WINNER!! This is the secret code to unlock the money: C3421.
P(Spam|message): 1.3481290211300841e-25
P(Ham|message): 1.9368049028589875e-27
Label: Spam


Sounds good, Tom, then see u there
P(Spam|message): 2.4372375665888117e-25
P(Ham|message): 3.687530435009238e-21
Label: Ham


---

## 6. Test the Spam Filter

Let's determine how well the spam filter performs on the test set. 

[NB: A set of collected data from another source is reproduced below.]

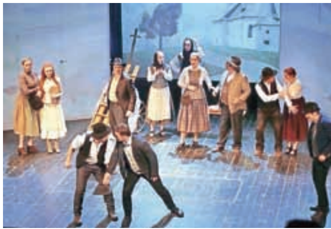
Prizor iz muzikala Cvetje v jeseni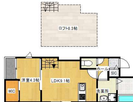
タイプIロフト付き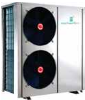
वायु से जल (एयर टू वाटर) हीट पंप

देसी रूप से विकसित बहुपयोगी हीट पंप का विकास जिसमें वायु से जल, जल से जल हीट पंपों और डी. सुपर हीटर शामिल हैं। इसे आई.आई.टी. - बम्बई द्वारा विकसित पेटेंटेड ट्यूब - ट्यूब हीट एक्सचेंजर प्रौद्योगिकी के प्रयोग द्वारा, विभिन्न औद्योगिक अनुप्रयोगों के लिए विकसित किया गया है। हीट एक्सचेंजर का नया डिजाइन, पारंपरिक हीट पंपों की तुलना में पानी गर्म करने में कम समय में ऊष्मन और शीतल सुविधा उपलब्ध करायेगा। इससे कम कीमत पर बेहतर ऊर्जा दक्षता प्राप्त की जा सकेगी। उत्पाद का सफलतापूर्वक निदर्शन किया जा चुका है और इसे विपश्यना साधना केन्द्र, ईगतपुरी, मैकडोनाल्ड स्टोर, इन्फोसिस प्रशिक्षण केन्द्र, मैसूर आदि जैसे विभिन्न स्थानों पर लगाया गया है।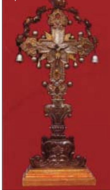
Reliquario della Santa Croce

Uscendo dal paese si è colpiti da una sorta di parco naturalistico che sorge su di un cocuzzolo: è la cosiddetta "torricella", piccola costruzione a torre, appunto, circondata da pini e querce. Belmonte quindi come sinonimo di "natura", oltre che di storia millenaria e di arte; in tal senso nelle verdeggianti campagne e tra i boschi sono stati realizzati comodi sentieri segnalati, ideali per lunghe passeggiate o escursioni in bicicletta.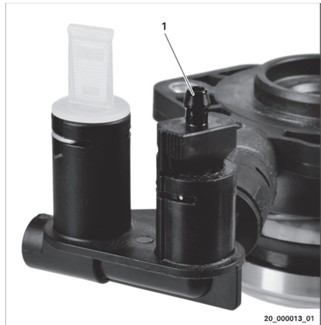
2 ábra: példa az „A” változathoz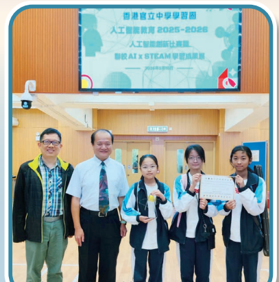
官校AI創新比賽得獎同學與羅副校長合照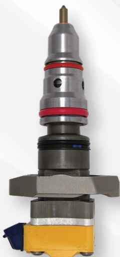
2-38987 Pickups Ford F, Camionetas E (2003-99) International Trucks (2002-99)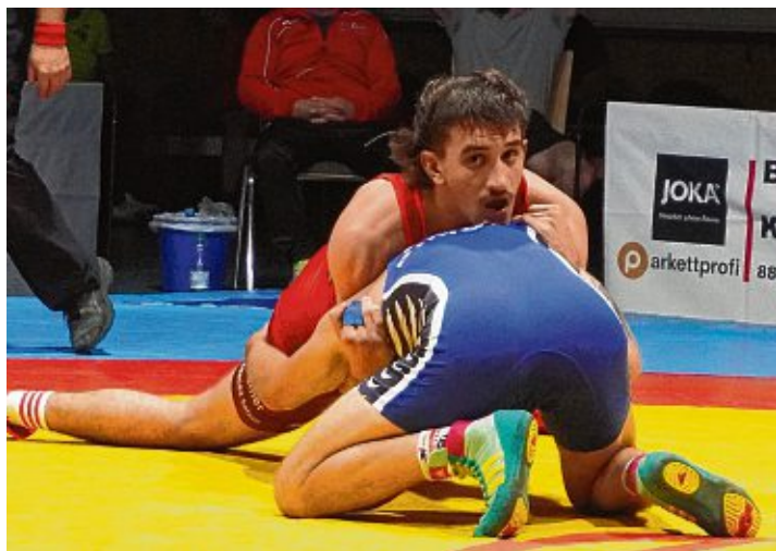
Die RHL Gottmadingen-Taisersdorf hofft auf eine spannende Runde und zahlreiche Gäste beim Saisonstart am 3. September in der Eichendorff-Halle.

RHL Gottmadingen-Taisersdorf startet in die Oberligasaison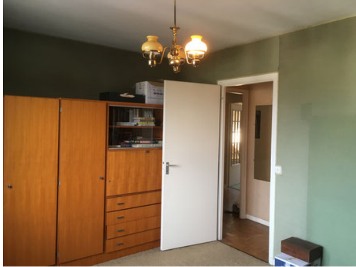
Séjour – Photo Avant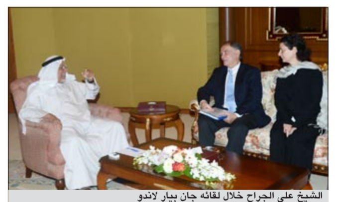
الشيخ علي الجراح خلال لقائه جان بيار لاندو

استقبل نائب وزير شؤون الديوان الأميري الشيخ علي الجراح في مكتبه بقصر بيان صباح أمس جان بيار لاندو مبعوث رئيس الجمهورية الفرنسية الأسبق جاك شيراك وذلك بمناسبة زيارته للبلاد.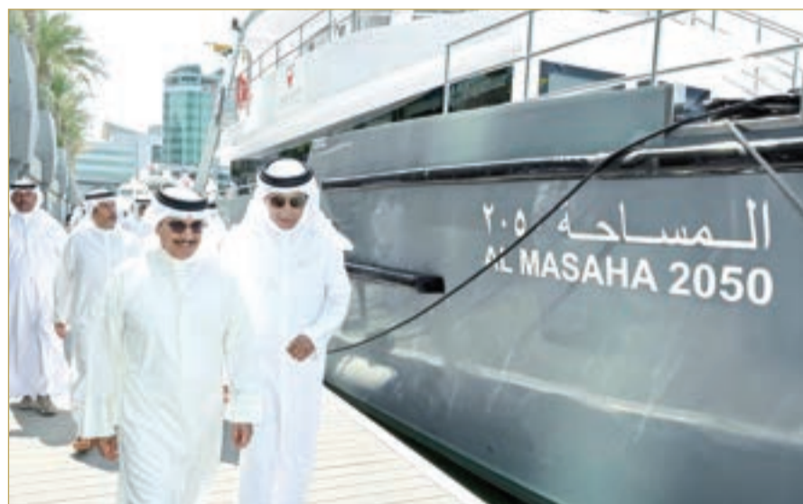
وزير الداخلية يدشن سفينة الأبحاث المتقدمة "المساحة 2050"

وأشار إلى أن تدشين سفينة الأبحاث أحدث الأنظمة والتقنيات الحديثة "المساحة 2050" يأتي في إطار استخدام المدعومة بالذكاء الاصطناعي.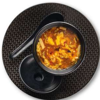
70 ZUPPA AGROPICCANTE tofu, bambù, pollo*, uova, carote, orecchie di giuda, fecola di patate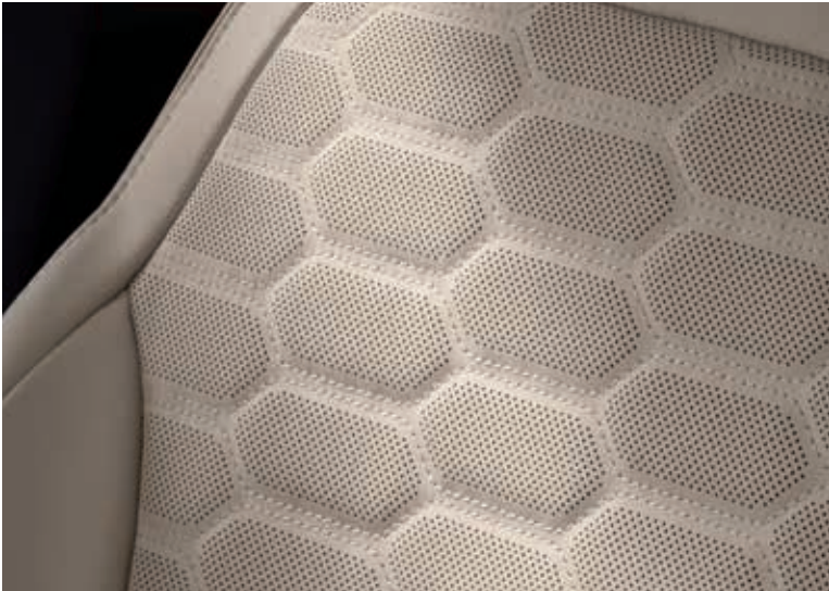
Tapicerka skórzana, perforowana Lux (jasna)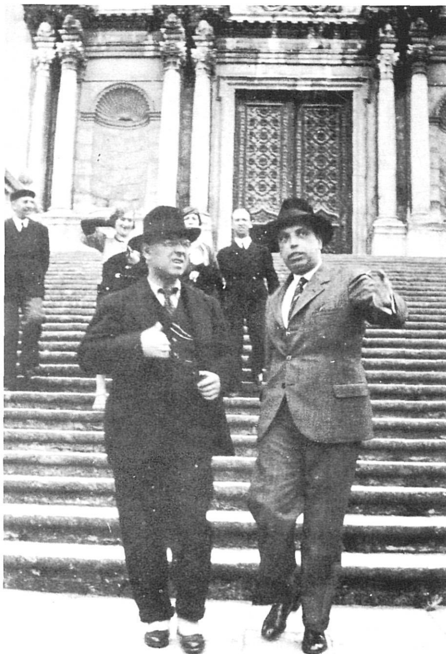
Pau Casals i Josep Tharrats a les escales de la Catedral de Girona, l'any 1933.

El curs 1922-1923 es fundà a Girona l'Associació de Música, a l'ombra de la Casa Sobrequés, que ja s'ha estudiat degudament des d'aquestes pàgines (1), i el concert de cloenda del segon curs d'activitats de l'esmentada associació va anar a cura de l'Orquestra Pau Casals, el dia 24 de juny de 1924. El ressò d'aquesta primera presència a Girona el tenim perfectament recollit per Tomàs Sobrequés a la revista Scherzando , una publicació a la qual s'ha de recórrer obli-

For every message in the test set, we will use the algorithm to generate a classification label and compare this against the actual label.

In [11]:
import re

# Spam filter function with string input
def classify_test_set(message):
    
    # Remove punctuation from string
    message = re.sub('\W', ' ', message)
    # Convert string to lower case
    message = message.lower()
    # Split string into list of words
    message = message.split()
    
    # Initialize p_spam_given_message and p_ham_given_message values
    p_spam_given_message = p_spam
    p_ham_given_message = p_ham
    
    # Iterate over each word in message
    for word in message:
        
        # Update p_spam_given_message if the word is in spam_parameters
        if word in spam_parameters:
            p_spam_given_message *= spam_parameters[word]

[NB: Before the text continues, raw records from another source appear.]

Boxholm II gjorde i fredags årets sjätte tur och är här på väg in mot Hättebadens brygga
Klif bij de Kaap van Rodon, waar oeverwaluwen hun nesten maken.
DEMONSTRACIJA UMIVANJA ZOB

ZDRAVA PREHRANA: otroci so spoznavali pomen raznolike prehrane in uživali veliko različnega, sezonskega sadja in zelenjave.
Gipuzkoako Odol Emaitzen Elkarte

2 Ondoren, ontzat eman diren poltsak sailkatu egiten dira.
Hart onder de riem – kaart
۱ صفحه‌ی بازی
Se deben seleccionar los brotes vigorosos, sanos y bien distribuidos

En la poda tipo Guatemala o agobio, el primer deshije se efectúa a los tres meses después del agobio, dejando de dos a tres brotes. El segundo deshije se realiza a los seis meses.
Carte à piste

        # Update p_ham_given_message if the word is in ham_parameters 
        if word in ham_parameters:
            p_ham_given_message *= ham_parameters[word]
                  
    # Classify message      
    if p_ham_given_message > p_spam_given_message:
        return 'ham'
    elif p_ham_given_message < p_spam_given_message:
        return 'spam'
    else:
        return 'needs human classification'
    
# Compare actual and predicted labels
sms_test['predicted'] = sms_test['SMS'].apply(classify_test_set)
sms_test.head()

Unnamed: 0,Label,SMS,predicted
0,ham,Later i guess. I needa do mcat study too.,ham
1,ham,But i haf enuff space got like 4 mb...,ham
2,spam,Had your mobile 10 mths? Update to latest Oran...,spam
3,ham,All sounds good. Fingers . Makes it difficult ...,ham
4,ham,"All done, all handed in. Don't know if mega sh...",ham


We can now calculate the spam filter accuracy as the percentage of test set messages that are correctly classified.

In [12]:
# Initialize variable for number of correct messages
correct = 0

# Total number of messages in the test set
total = len(sms_test)

for row in sms_test.iterrows():
    row = row[1]
    
    # Messages classified correctly
    if row['Label'] == row['predicted']:
        correct += 1

accuracy = correct / total * 100
print(f'{correct} out of {total} messages were classified correctly.')
print(f'The accuracy of the spam filter is {accuracy:.2f}%.')

1100 out of 1114 messages were classified correctly.
The accuracy of the spam filter is 98.74%.


---

## 7. Conclusion

- Using the Naive Bayes algorithm, we built a spam filter for messages.
- It achieved an accuracy of 98.74% on the test data, which exceeded the original target of 80%.